Denning & Fourcade, Inc.
- Company type: corporation
- Genre: design
- Founded: 1960
- Founder: Robert Denning and Vincent Fourcade
- Defunct: 2006
- Headquarters: New York City, United States Paris
- Products: custom designed furniture
- Services: interior design

= Denning & Fourcade, Inc. =

Interior design firm

Robert Denning & Vincent Fourcade, Inc. (1960 - 2006) was an interior design firm which for over forty years was a leader in the creation of opulent interiors with offices in New York City and Paris. They were known for their "Proust-must-have-slept-here settings for a clientele with anything but American tastes."

==History==
The company was founded in 1960 by American Jewish designer Robert Denning, a protégé of Mexican-born designer Edgar de Evia, and French designer Vincent Fourcade, a son of the French banking family, who had grown up with the Rothschilds. Their first clients were Lillian Bostwick and Ogden Phipps whom they entertained, together with others from New York society, in the opulent Rhinelander Mansion, which Denning shared with deEvia. Their work was featured through the years in most major interior and fashion magazines including Architectural Digest, Arts & Decoration, House & Garden, and Town & Country. The home which they decorated for Henry Kravis was parodied in the 1990 US movie The Bonfire of the Vanities.

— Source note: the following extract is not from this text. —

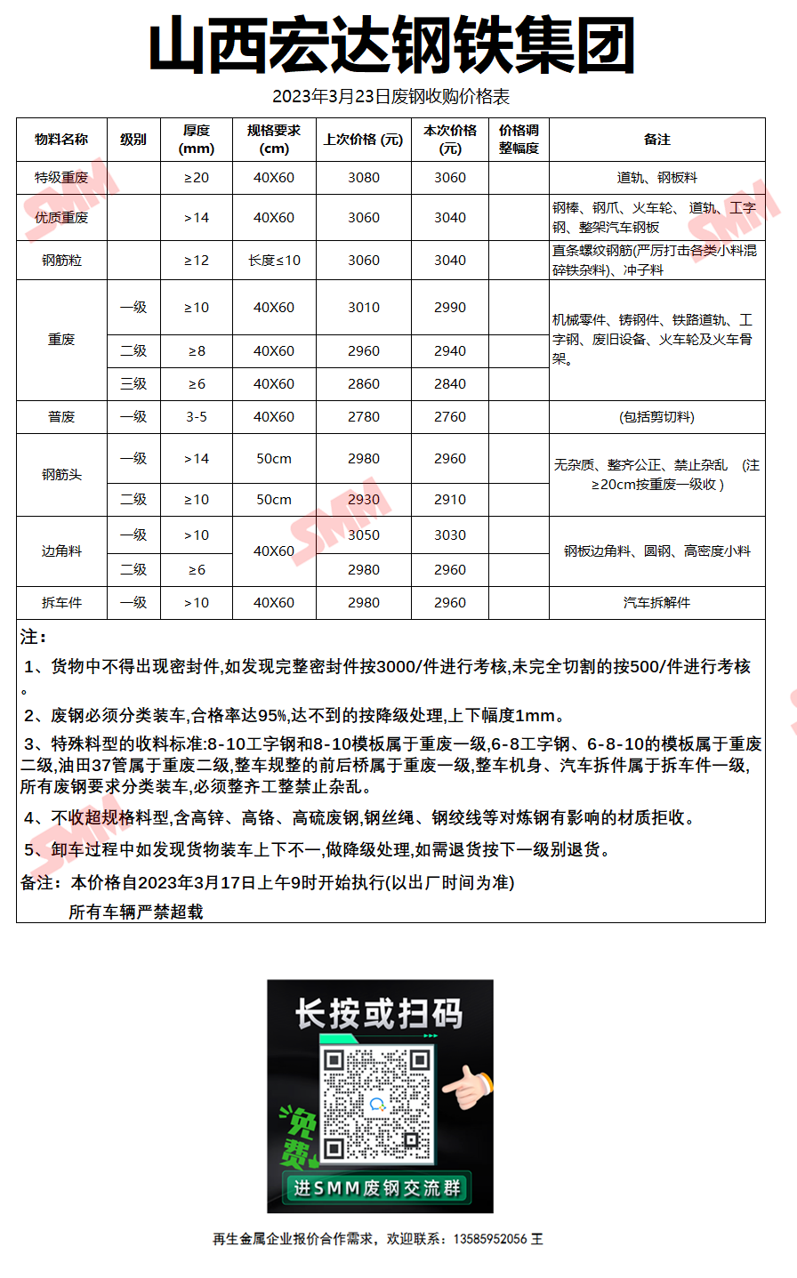 今日山西宏达钢铁 废钢收购报价已更新,有货的朋友欢迎联系我们!
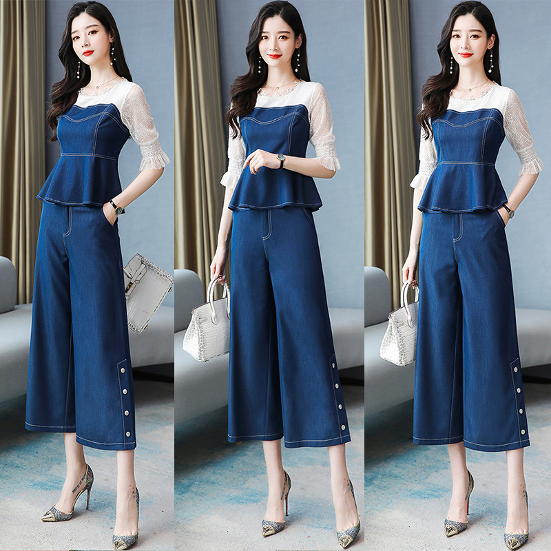 Кружевные джинсовые штаны, летний модный комплект, в западном стиле

The firm created "decorator rooms" for leading department stores, Tiffany's, Decoration and Design, 1961 exhibition, where they featured wall-to-wall carpet and cushions of real raccoon against walls and upholstery in silk Fortuny and at historic homes. At Old Westbury Gardens on Long Island, the old Phipps estate, they in 1963 created one of the most opulent areas with their design for a Yachtswoman's poolside boudoir. "A lot of our earliest clients—like Michel David-Weill—were people Vincent had gone to parties with. It was a little like, 'let's put on a show'".

They also provided complete temporary makeovers for large parties in clients' apartments, putting the usual furnishings in storage, creating a unique effect with fabrics, potted flowers, plants and trees and hired gilt chairs. At one such party Gloria Vanderbilt Lumet learned to twist. Mrs. John F. Kennedy had the team design a party just before they designed the ninth annual Opera Ball for more than 1,000 persons in the Smithsonian Institution's Museum of History and Technology. They also hosted parties themselves, entertaining the likes of Diana Vreeland, the Kennedys, Horst, the Norman Mailers, Isabel (Nash) and Fred Eberstadt, Eliane David-Weill, Gerry Stutz, and anyone that got past the sentry of Fourcade's list.

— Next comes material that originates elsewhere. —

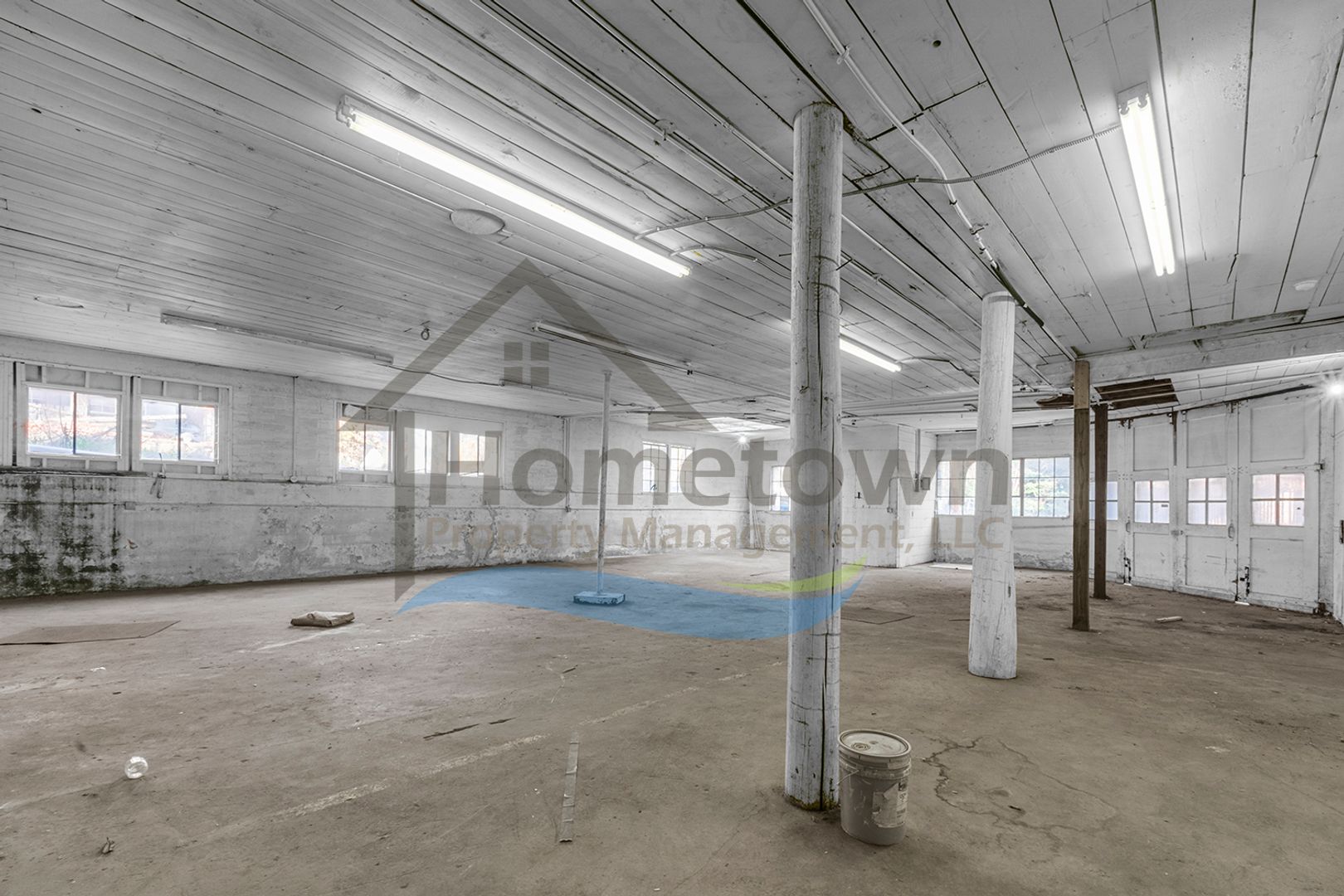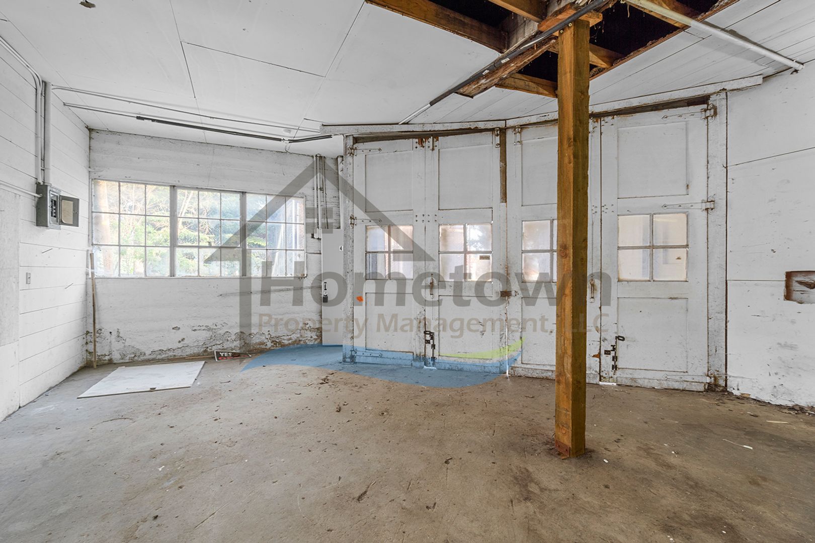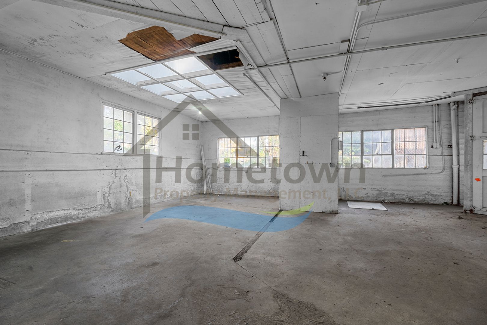 Unit B has its own personal door and a set of folding vertical garage doors which also open wide enough to allow large deliveries or small vehicles to be brought directly into the unit. Both of these doors are accessed through the alleyway adjacent to the building. This unit also has its own half bathroom, a storage room, rows of very large windows, and a skylight. These windows bring lots of natural light into the work space.

The firm has been known for its extensive architectural changes to existing structures, as in the partners' residence in the Lombardy Hotel in Manhattan, where ceilings and walls are torn out to the structural foundations and then new and elaborate columns, panels, and moldings are used for base resurfacing before the application of fabrics and polychrome. Their work with new homes, from ocean front to city penthouses have also created unique spaces for clients which transport one to other cultures and centuries.

The designers have applied their skills to commercial applications, such as the lobby at the Lombardy Hotel in 1996 and Etoile Restaurant which is located in the hotel several years earlier. Here Denning used his signature arm lamps with fringed shades and numerous reproduction paintings made from his own originals, housed in his apartments in Manhattan and Paris. The restaurant today is known as Table 12 and retains the earlier decorating. Denning also decorated the offices for the Carlisle Collection in New York City, which was founded by another client, William Rondina.

Clients include Countess Rattazzi, for whom Denning did homes in Manhattan, South America and Italy (15 houses in all), Henry Kravis, Charles and Jayne Wrightsman, Henry Kissinger, Oscar de la Renta, Jean Vanderbilt, the Ogden Phipps family, Phyllis Cerf Wagner, Lynette and Richard Merillat, Marlene and Spencer Hays, and Henry P. McIlhenny. Two of their clients have collections named for them at the Metropolitan Museum of Art: The Wrightsman Galleries and The Henry R. Kravis Wing. In the case of the Wrightsman Wing, these include works and objects originally procured by the firm for the Wrightsman home.

The firm participated in charity benefits such as the auction to benefit Friends In Deed, a counseling organization for people with AIDS and cancer, and they decorated the main foyer of the von Stade mansion to benefit Southampton's Rogers Memorial Library.

Referred to in New York magazine as "...the Odd Couple. Boyish, down-to-earth Denning is the hardest worker, while Fourcade sniffs the client air to gauge if it's socially registered before he goes beyond the fringe." Fourcade died of AIDS in 1992 and the firm was dissolved after Denning's death on August 26, 2005.